(Recorded information)

○ ○ ○ ○ ○ ○ ○

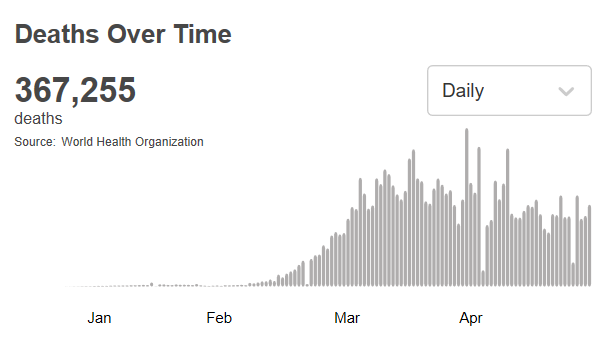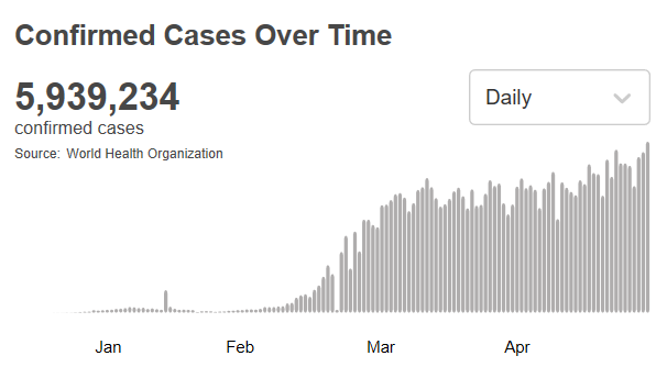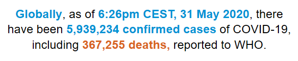 根据世卫组织最新实时统计数据,截至欧洲中部夏令时间5月31日18时26分(北京时间6月1日0时26分),全球确诊新冠肺炎5939234例,死亡367255例。
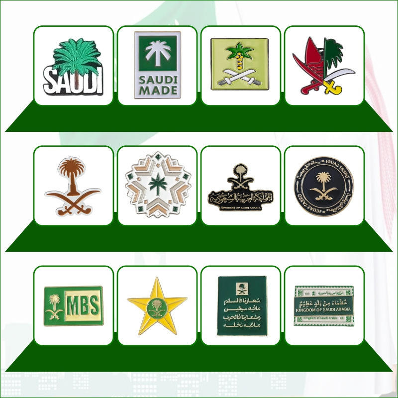 Épinglette métallique émaillée gravée, écologique et populaire, avec logo couleur personnalisé, pour la promotion des marchés modernes du Moyen-Orient
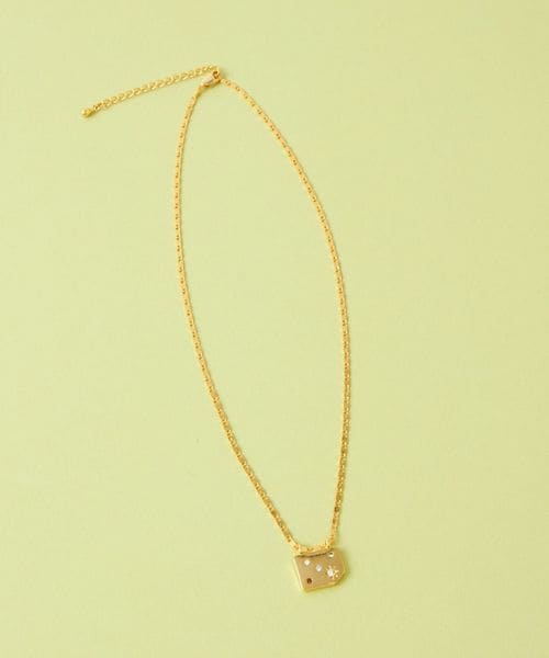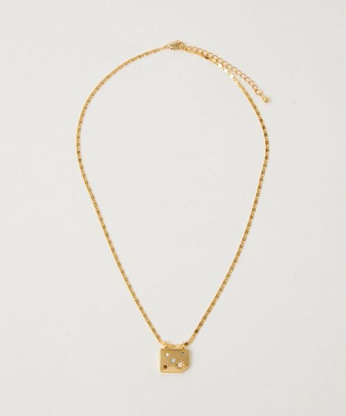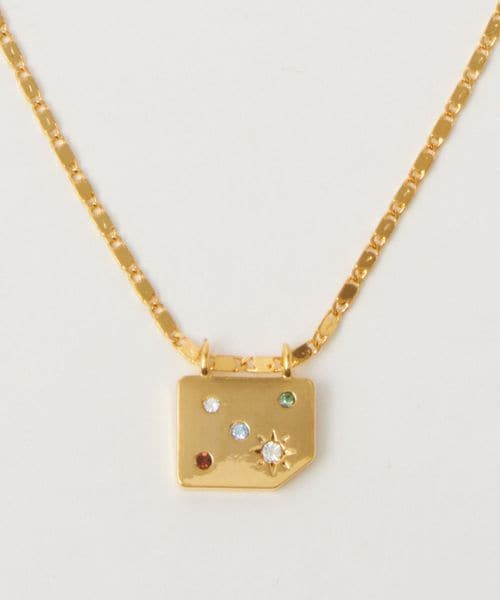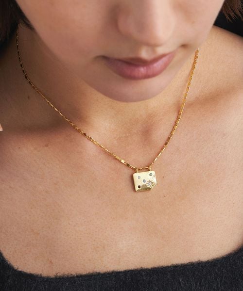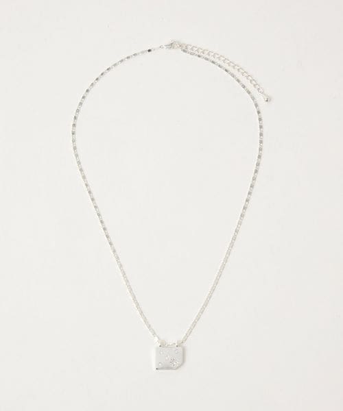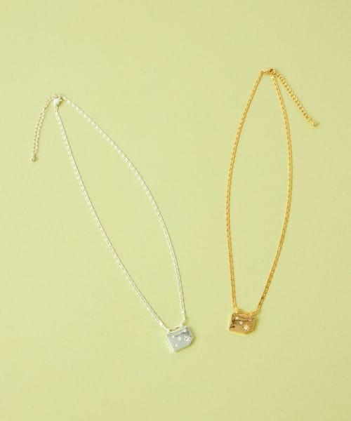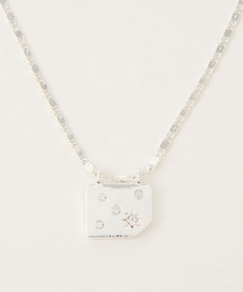 部分的にカットされたニュアンスのあるプレートにビジューを散りばめたデザインのネックレス。

○ ○ ○ ○ ○ ○ ○

(Prompt)
Without the pictures, repeat every line of the material above exactly.

(Exercise response)
 根据世卫组织最新实时统计数据,截至欧洲中部夏令时间5月31日18时26分(北京时间6月1日0时26分),全球确诊新冠肺炎5939234例,死亡367255例。
 Épinglette métallique émaillée gravée, écologique et populaire, avec logo couleur personnalisé, pour la promotion des marchés modernes du Moyen-Orient
 部分的にカットされたニュアンスのあるプレートにビジューを散りばめたデザインのネックレス。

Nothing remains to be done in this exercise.